Quantization techniques such as BitsAndBytes, AWQ, and GPTQ are widely used as a standard method in deploying large language models but often degrades accuracy when using low-bit representations, e.g., 4 bits. Low-rank correction methods (e.g., LQER, QERA, ASER) has been proposed to mitigate this issue, however, they restore all layers and insert error-correction modules into every decoder block, which increases latency and memory overhead. To address this limitation, we propose GlowQ, a group-shared low-rank approximation for quantized LLMs that caches a single shared right factor per input-sharing group and restores only the groups or layers that yield the highest accuracy benefit. GlowQ computes the high-precision projection once per input-sharing group and reuses it across its modules, reducing parameter and memory overhead, and retaining the expressivity of layer-specific corrections.
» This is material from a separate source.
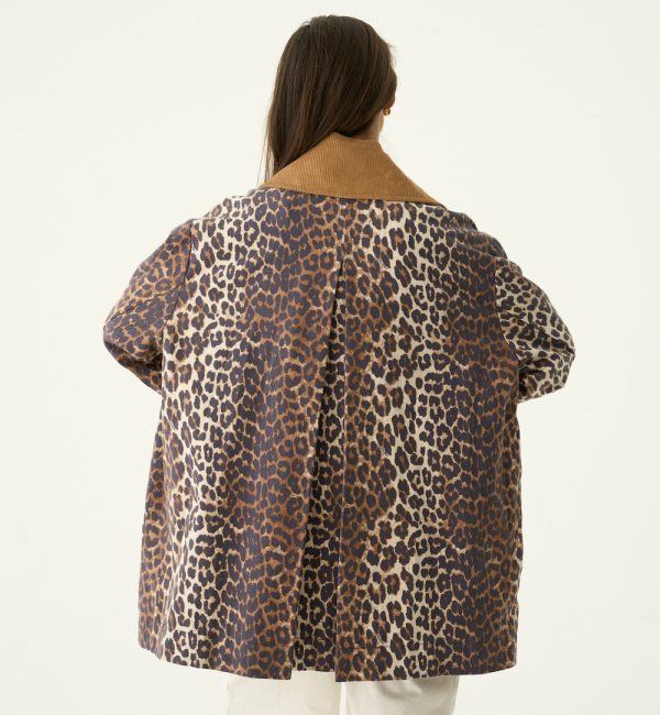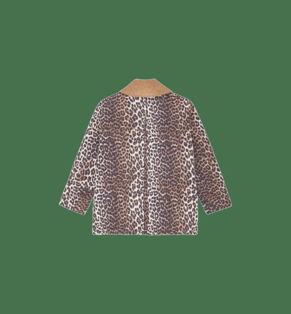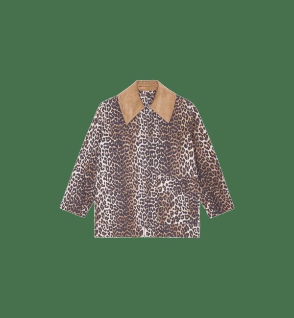 De GANNI Leopard Printed Canvas Midi Jacket heeft een ontspannen, boxy pasvorm en een brede corduroy kraag in een contrasterende camelkleur. Het jack heeft een knoopsluiting aan de voorkant, oversized zakken en recht gesneden mouwen. De perfecte jas voor over je favoriete outfit.
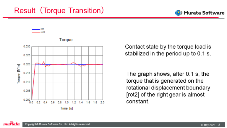 The analysis shows that the contact portions move as the gears rotate, and the torque transmitted to the right gear is almost constant.

We also propose a selective variant, GlowQ-S, that applies the cached shared module only where it provides the largest benefit. Compared with strong baselines, our approach reduces TTFB by (5.6%) and increases throughput by (9.6%) on average, while reducing perplexity on WikiText-2 by (0.17%) and increasing downstream accuracy by 0.42 percentage points. The selective model GlowQ-S further reduces latency, cutting TTFB by (23.4%) and increasing throughput by (37.4%), while maintaining accuracy within 0.2 percentage points on average.

Paper Structure

This paper contains 84 sections, 66 equations, 13 figures, 21 tables, 1 algorithm.

Figures (13)

  • Figure 1: GlowQ Overview
  • Figure 2: Input spectrum and energy-capture measurements. (a) We stream calibration samples through the model, collect the input activations at the target layer, and plot the eigenvalue spectrum of the empirical input covariance for the QKV and MLP groups, revealing a heavy-tailed profile. (b) The same spectra plotted in $\log_{10}\lambda_r$--$\log_{10} r$ coordinates; dotted lines show least-squares fits over the approximately linear tail region, indicating power-law decay $\lambda_r \propto r^{-\alpha}$ with exponents $\alpha_{\text{MLP}} \approx 0.77$ and $\alpha_{\text{QKV}} \approx 1.19$. (c-d) For each group, we vertically stack the quantization-error matrices and plot the cumulative fraction of Frobenius energy recovered by the best rank-$r$ approximation. We show both the unweighted baseline (No cov) and the covariance-aligned variant that weights errors by the observed inputs (Cov align). Horizontal dashed lines mark 90% and 95% energy capture.
  • Figure 3: Perplexity (PPL) and time-to-first-byte (TTFB) versus the fraction of restored groups.
  • Figure 4: Comparison of memory and performance trade-off. (a) Memory overhead of different methods. (b) PPL at equal memory budget.
  • Figure 5: Whitening vs. non-whitening alignment matrices. For LLaMA 3.2-3B, we estimate a shared right basis $B_{\text{shared}}$ from the stacked error either without covariance weighting ($E_{\mathrm{cat}}$, left panels) or with covariance-aware whitening ($E_{\mathrm{cat}}\Sigma_x^{1/2}$, right panels). Each heatmap shows the absolute basis alignment between $\mathrm{row}(B_{\text{shared}})$ and the per-module right subspace for Q, K, V; brighter values denote larger absolute inner products. DiagScore and Affinity summaries are reported in the main text.